その言葉に、ソフィアはほっとしたように息をついた。
だが、アレンの表情はどこか晴れないままだった。
彼は後片付けの手を止めると、仲間たちに向き直った。

「……少し、いいか」
その改まった口調に、ソフィアとカイは顔を見合わせた。リーナもこてんと首を傾げる。
アレンは三人を広場の隅にある井戸の縁へと促した。そして、そこに腰を下ろすと、まるで自分自身に言い聞かせるようにゆっくりと語り始めた。

「……俺は、リリアのことが嫌いだったわけじゃない」

それは意外な告白だった。
「むしろ、その逆だ。彼女は俺の、たった一人の……初恋の人、だったんだ」

「……はあ!?」
ソフィアが素っ頓狂な声を上げた。カイも、さすがに驚いたのかわずかに目を見開いている。リーナだけが、きょとんとした顔でアレンを見上げていた。

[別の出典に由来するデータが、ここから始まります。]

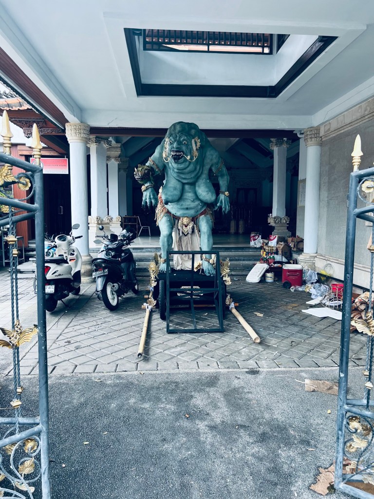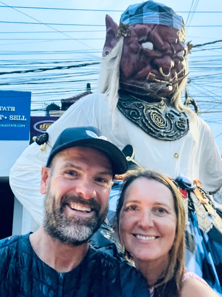 Late afternoon we met our fellow tour groupies, who we will be travelling with for the next 8 days as we experience Classic Bali. There’s about 16 of us, mainly from the Uk, Canada and Germany. After initial intros we headed out for an early dinner before going to watch the evening’s celebrations of the ‘demon’ displays.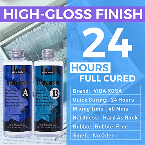 Vida Rosa Epoxy Resin Kits for Beginners with molds,Dried Flower,600ml/ 21.16oz Crystal Coating for Art, Craft, Jewelry Making, River Tables,2 Gloves, 2 Measuring Cup and 2 Wooden Sticks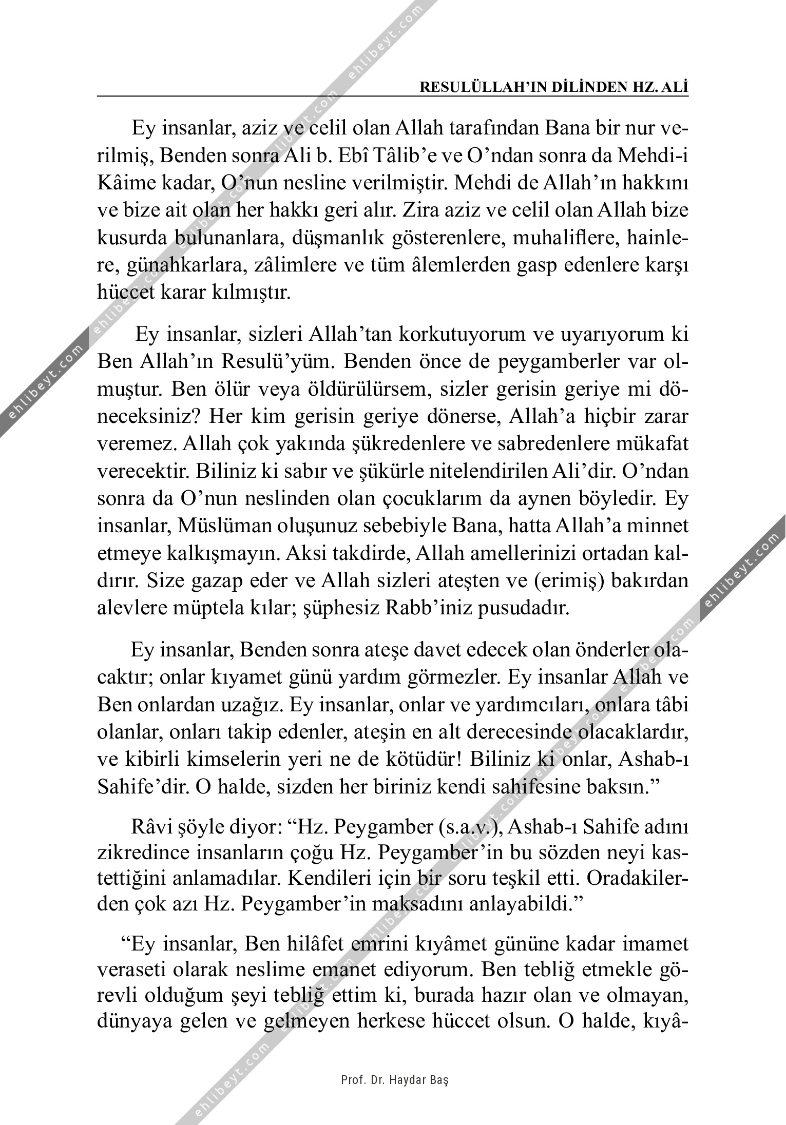 Ey insanlar, aziz ve celil olan Allah tarafından Bana bir nur verilmiş, Benden sonra Ali b. Ebî Tâlib'e ve O'ndan sonra da Mehdi-i Kâime kadar, O'nun nesline verilmiştir. Mehdi de Allah'ın hakkını ve bize ait olan her hakkı geri alır. Zira aziz ve celil olan Allah bize kusurda bulunanlara, düşmanlık gösterenlere, muhaliflere, hainlere, günahkarlara, zâlimlere ve tüm âlemlerden gasp edenlere karşı hüccet karar kılmıştır. Ey insanlar, sizleri Allah'tan korkutuyorum ve uyarıyorum ki Ben Allah'ın Resulü'yüm. Benden önce de peygamberler var olmuştur. Ben ölür veya öldürülürsem, sizler gerisin geriye mi döneceksiniz? Her kim gerisin geriye dönerse, Allah'a hiçbir zarar veremez. Allah çok yakında şükredenlere ve sabredenlere mükafat verecektir. Biliniz ki sabır ve şükürle nitelendirilen Ali'dir. O'ndan sonra da O'nun neslinden olan çocuklarım da aynen böyledir. Ey insanlar, Müslüman oluşunuz sebebiyle Bana, hatta Allah'a minnet etmeye kalkışmayın. Aksi takdirde, Allah amellerinizi ortadan kaldırır. Size gazap eder ve […]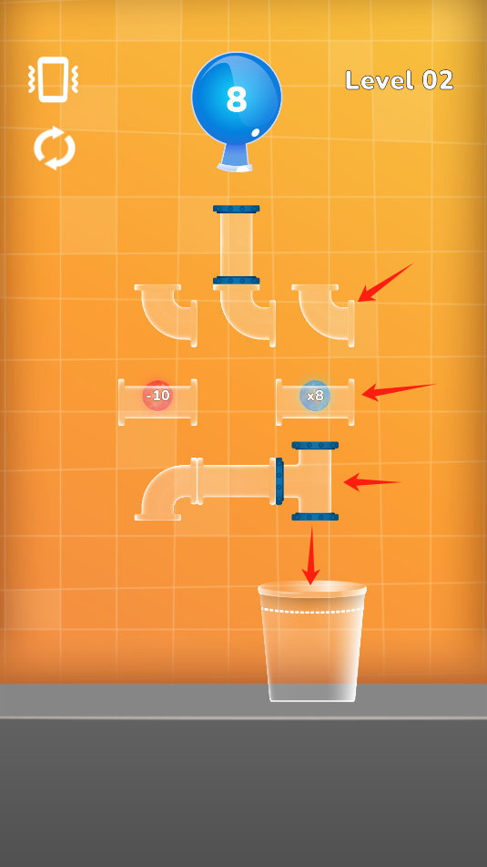 1、打开游戏,根据水流的方向点击水管,使水管的连接可以顺利流到桶里。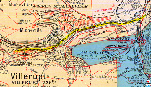 Audun-le-Tiche - voies direction: Cabuccières - Dépôts de locomotives - Villerupt - Rédange - Fontoy (Plan 1.10.1924)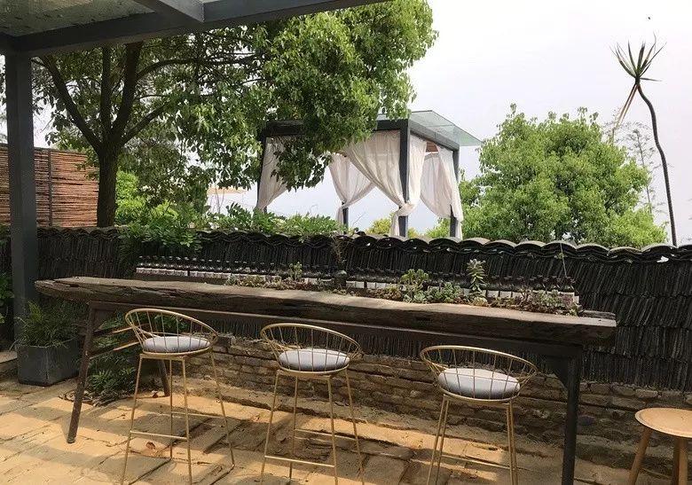 外邊是一個(gè)小院子,綠植彩燈白天已經(jīng)很美,晚上更是夢(mèng)幻桌子是老舊木門拼接起來的凳子大多也是手作坐在露臺(tái)邊,遠(yuǎn)眺對(duì)面的青山俯瞰美麗的鮮花碧草,絕對(duì)是難得的享受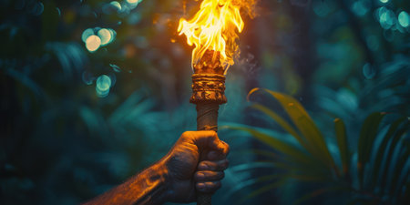 A hand holds a brightly burning torch, illuminating the dark surroundings, symbolizing adventure, light in darkness, and the spirit of exploration. Perfect for highlighting courage or tradition.
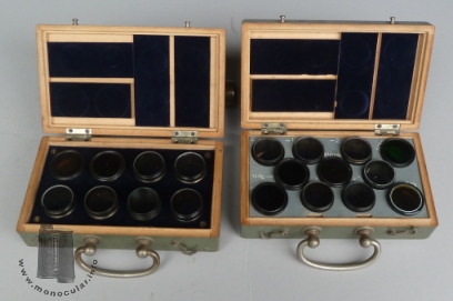 | Aus einer Sammlung liegen zwei Kästen mit den entsprechenden Aufstecklinsen und -filtern vor (s. Fotos). Das Glas wiegt 530g, hat eine Gesamtlänge von 15cm ohne und 15,5cm mit Aufstecklinsen. Es ist am oberen Gehäuse 52x52mm und unten 62x62mm breit. Der 41mm lange Objektivtubs ist 39mm, der 26mm lange Montagestutzen ist 35mm im Durchmesser. |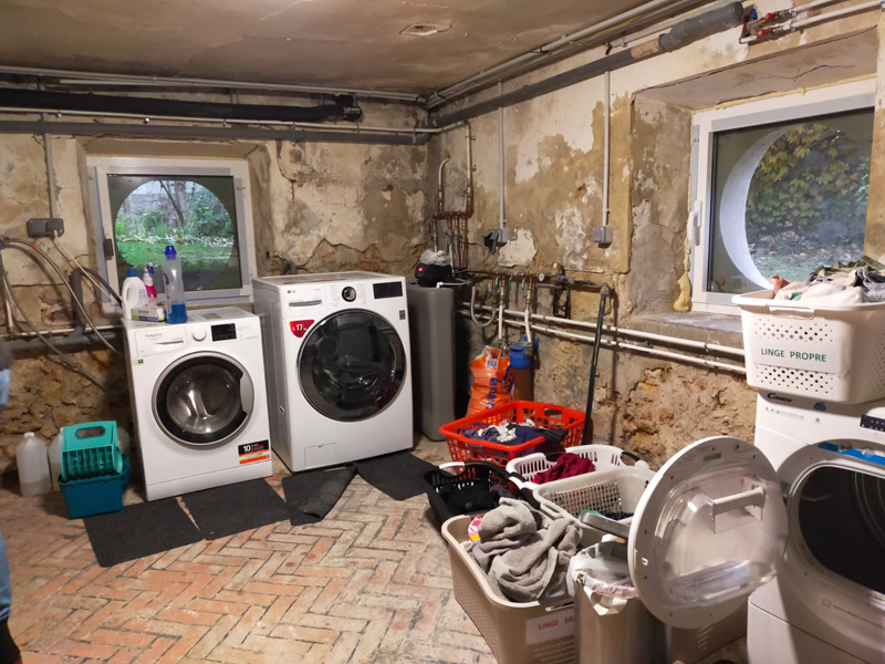 Les parties communes sont constituées d’un hall d’entrée spacieux, d’une grande cuisine équipée avec coin pour le petit déjeuner, d’un salon commun et d’une salle à manger avec grande table, d’un bureau pour l’équipe, d’une buanderie, et de trois grandes salles de bain.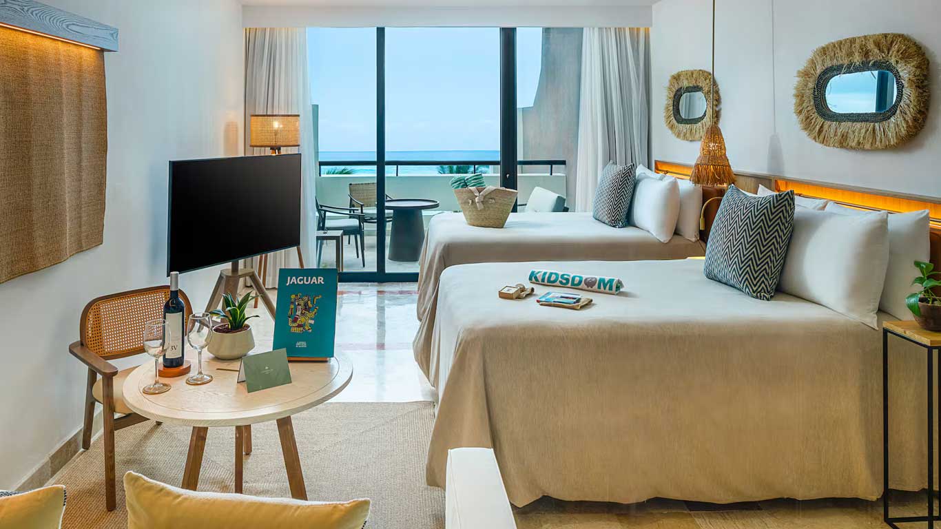 The Family Concierge Ocean View Junior Suite at Paradisus Cancun comes with all the Family Concierge benefits. Experiences that will make your stay unique and exclusive. With wonderful views of the Caribbean Sea, it comprises a bedroom, a sofa and a private terrace.

アレンは照れくさそうに頭を掻くと、遠い目をして続けた。
「俺たちは幼馴染だった。ヒーラーとしての才能がない俺を馬鹿にせず、いつも隣で励ましてくれたのは彼女だけだった。彼女の笑顔を見るためなら何でもできると思っていた。冒険者になったのも、彼女と一緒にいたかったからだ」

その声には、懐かしむような優しい響きがあった。

「【熾天の剣】に入ってからも、最初はそうだった。ガリウスたちにどれだけ罵倒されても、彼女が時折見せる心配そうな顔や優しい言葉だけで、俺は救われた気になっていた。いつか彼女にふさわしい男になりたい。その一心で俺はどんな理不尽にも耐えてきた」

だが、彼の表情が次第に曇っていく。

「……だが、いつからか気づいてしまったんだ。彼女の優しさはただの『同情』なのだと。彼女は俺という弱い存在を可哀想に思うことで、自分の聖女としての優位性を確認していただけなのかもしれない。彼女は俺が本当に助けを求めている時には、決して手を差し伸べてはくれなかった。彼女は自分の地位と俺の存在を天秤にかけて、いつも自分を選んだ」

その声には、深い、深い悲しみが滲んでいた。

「そして、あの追放の日。俺は彼女に完全に裏切られた。俺の淡い恋心も、彼女への最後の信頼も、全てが砕け散った」

アレンはそこで一度言葉を切った。
そして、自分の胸に手を当て仲間たちに語りかけた。

「俺はパーティに尽くしたかった。本物の仲間だと思ってほしかった。ただ、それだけだったんだ。なのに返ってきたのは、無能という烙印と無慈悲な追放だけだった。それがどれだけ辛かったか。どれだけ悔しかったか……」

彼の瞳から、一筋の涙がこぼれ落ちた。
それは彼が仲間たちの前で初めて見せる弱さだった。
ソフィアもカイもリーナも、何も言わなかった。
ただ、黙って彼の魂の告白に耳を傾けていた。

アレンは涙を手の甲で拭うと、顔を上げた。
その顔にはもう悲しみの色はなく、吹っ切れたような穏やかな笑みが浮かんでいた。

「……すまない。格好悪いところを見せたな」
彼は仲間たちに向かって言った。
「だが、これで本当に終わりだ。リリアに会って自分の本当の気持ちと向き合えたことで、俺の中の最後のわだかまりも消えた気がする」

「俺はもう過去の幻影に恋い焦がれたりはしない。俺の好きになる人は、俺が本当に大切にしたい人は、もっと……強くて、優しくて、そして俺と一緒に未来を見てくれる人だ」

彼の言葉は誰に言うでもなく、ただそこにある真実を語っているかのようだった。
ソフィアは、なぜか居心地が悪そうに顔を赤らめてそっぽを向いた。
カイは静かに、そして深く頷いた。
リーナは、その言葉の意味を完全には理解できていないようだったが、アレンの顔に笑顔が戻ったことが嬉しくてにこにこと笑っていた。

アレンは立ち上がった。
そして、西の空を静かに見つめた。
リリアが去っていった方角。

(……さようなら、リリア)
彼は心の中で最後の別れを告げた。
(君がこれからどんな道を歩むのか、俺は知らない。だが、願わくば君が君自身の足で本当の幸せを見つけられることを祈っている)

それは、もはや恋心でも憎しみでもない。
かつて同じ夢を見た幼馴染への、人間として捧げる最後の手向けだった。
アレンの告白は、彼の心に残っていた最後の過去の傷を完全に癒した。
彼はもう振り返らない。
ただ、目の前にいる新しい仲間たちと、共に歩む未来だけを見つめて。